В груди у него снова закипела ненависть, и он принялся уговаривать себя, что сейчас не время для этого чувства – Салли сейчас нужен отец, а не мститель.
– Дома тебя ждёт сюрприз, – сказал он.
– Какой?
– Если я скажу, это уже будет не сюрприз.
– Ну, папа! – воскликнула она – совсем как в прошлом.
– Потерпи и увидишь.
– О чём речь? – спросила Кэти, садясь в машину.
– О сюрпризе.
– О каком?
– Видишь, – сказал Джек дочери, заводя машину, – даже мама не знает.
– Джек, ты о чём?
– Мы с доктором Шенком беседовали на прошлой неделе, – только и сказал Райан.
– Я хочу медведя, – попросила Салли.
– Он слишком большой, детка, – не уместится тут, – сказала Кэти.
– Зато ты можешь поносить его шляпу, – Джек протянул руку назад. – Он говорит, что разрешает тебе носить его шляпу. На вот.
– Ты сказал им спасибо за медведя? – спросила Кэти.
– А как же? – улыбнулся Джек. – Кстати, все как один сдали экзамены. Только не говори об этом никому.
У Джека была репутация строгого экзаменатора. К следующему семестру репутация эта могла измениться. «К чертям собачьим принципы!» – сказал он себе.
Его курсанты то и дело посылали Салли цветы, игрушки и открытки, а потом и вовсе повадились ходить в больницу, возясь там не только с Салли, но и ещё чуть ли не с пятью десятками детишек. Гигантский медведь был венцом этой кампании.
По словам сестёр, он действительно помог Салли поправиться – она не расставалась с ним ни днём, ни ночью.
Джек ехал не спеша, очень осторожно, словно в машине был хрупкий фарфор.

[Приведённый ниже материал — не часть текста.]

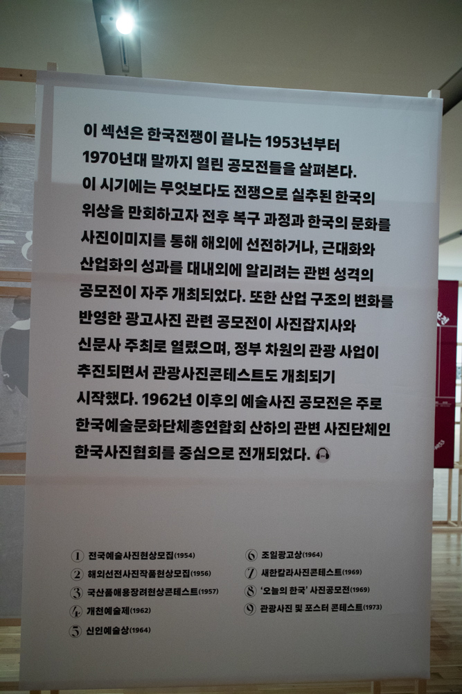 한국전쟁이 끝난 후 한국 정부는 전쟁 이미지와 낙후된 이미지의 한국의 이미지를 지우기 위해서 근대화, 산업화의 성과나 한국의 아름다움을 담은 사진공모전을 개최합니다. 이는 지금까지도 이어지고 있습니다. 관변 단체인 한국사진협회 중심으로 관광사진과 같은 홍보를 목적으로 한 사진들을 공모합니다.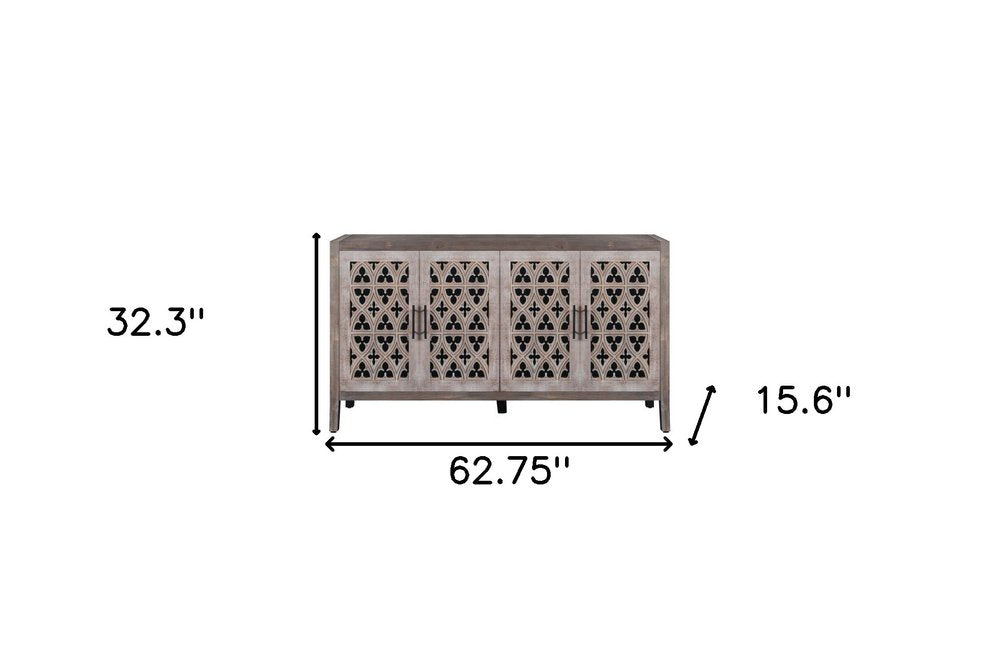 63" Brown Distressed Carved Scrollwork Sideboard with Four Doors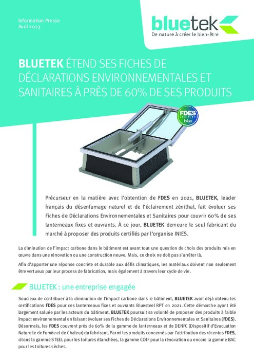Précurseur en la matière avec l’obtention de FDES en 2021, BLUETEK, leader français du désenfumage naturel et de l’éclairement zénithal, fait évoluer ses Fiches de Déclarations Environnementales et Sanitaires pour couvrir 60% de ses lanterneaux fixes et ouvrants. À ce jour, BLUETEK demeure le seul fabricant du marché à proposer des produits certifiés par l’organise INIES.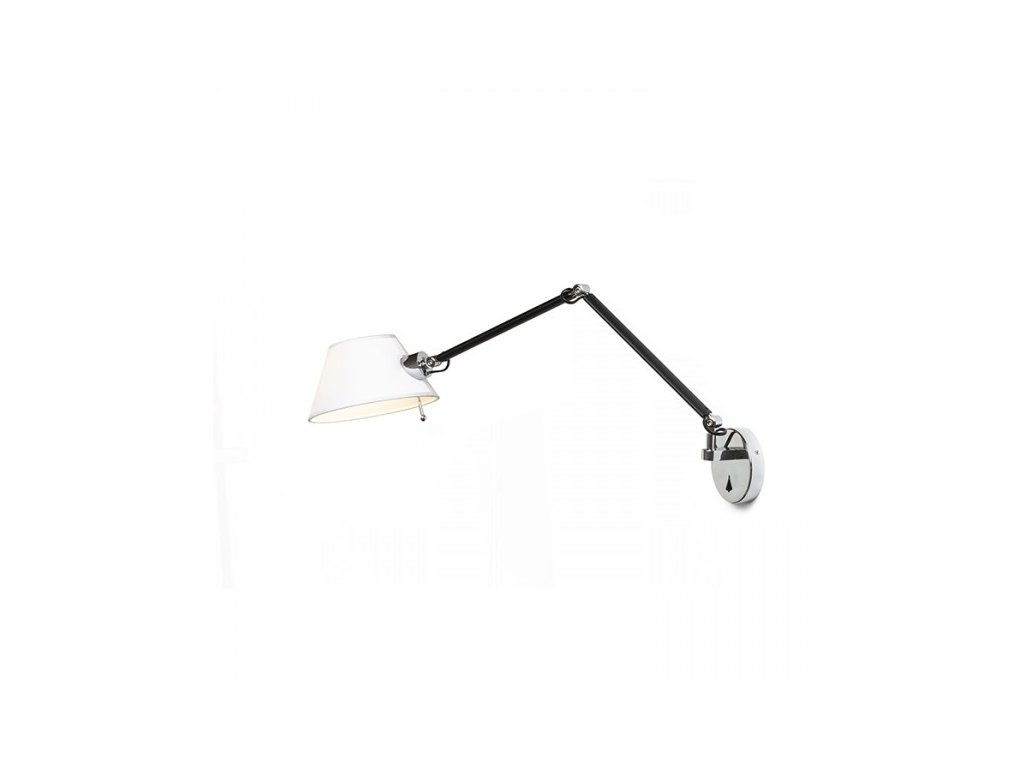 Nástěnná dvouramenná kovová lampička s textilním stínidlem.Doplňkové parametry

За время работы в ЦРУ он пристрастился к сигаретам, ему и сейчас ужасно хотелось закурить, но он сдерживался, дав себе слово отказаться от этой привычки – во всяком случае, не курить дома, при Кэти. Он ехал так, чтобы миновать то место, где Кэти обстреляли. Стоило ему вспомнить об этом, как руки судорожно сжали руль. Надо перестать всё время думать об этом, уговаривал он себя. Он стал просто одержим этой ненавистью… А толку от этого никакого нет и не может быть.
Уже повсюду чувствовалась весна. Начали набухать почки, в полях тут и там разгуливали лошади и коровы, и нос Салли, разглядывавшей их, расплющился о стекло. Жизнь опять брала своё, говорил себе Джек. Вот и последний поворот на дорогу Соколиного гнезда. Джек обратил внимание, что возле поворота все ещё стояли грузовики электрокомпании и удивился. Что они тут делают?
– Скип у нас? – спросила Кэти.
– Похоже, что да, – ответил Джек, удержавшись от усмешки.
* * *
– Они катят домой, – сказал Алекс.
– Ага, – откликнулся Луис, линейный монтёр. Они были на самой верхушке столба, делая вид, что пристраивают там экспериментальный трансформатор.
– Знаешь, на следующий день после того дела в газете было фото этой дамы. Какой‑то мальчонка въехал в витрину магазина и изрезал себе все лицо. Это был наш мальчишка, чёрный. И она спасла ему глаза.
– Я помню, Луис, – сказал Алекс.
Он прицелился из фотоаппарата и щёлкнул им несколько раз.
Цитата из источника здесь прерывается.